Я отыскивал и собирал юрские окаменелости, различные минералы, а кроме того
- насекомых, кости людей и мамонтов: первые - из общей могилы под Хенингеном
(1811), вторые - на раскопках в рейнской долине. Растения меня тоже
интересовали, но с научной точки зрения. Я был убежден - не знаю, почему, -
что их не следует срывать и засушивать. Для меня они, пока росли и цвели,
были живыми существами, в них таился некий скрытый смысл, некая Божья мысль.
За ними следовало наблюдать с трепетом и философской любознательностью.
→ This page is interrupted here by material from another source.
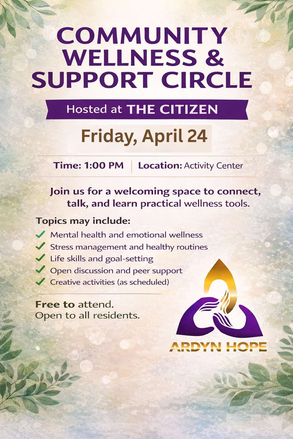 A resident-based wellness circle focused on community connection, life skills, and mental health support. This event is exclusively for residents of The Citizen Apartments.

Биолог мог бы рассказать о них много интересного, но для меня это
существенного значения не имело. Что же на самом деле существенно - мне было
не вполне ясно. Как они, растения, связаны с христианской верой или с
отрицанием мировой воли, для меня было непостижимо. Они, очевидно,
находились в Божественном неведении, которое лучше не нарушать. Насекомые,
по контрасту, были "неестественными" растениями: цветами и плодами, которые
позволили себе ползать в разные стороны на лапках-ходулях, летать на
крыльях, похожих на листья, и грабить растения. За эту незаконную
деятельность они были приговорены к массовому уничтожению вроде карательных
экспедиций по истреблению майских жуков и гусениц. Мое "сострадание ко всем
Божьим тварям" распространялось исключительно на теплокровных животных.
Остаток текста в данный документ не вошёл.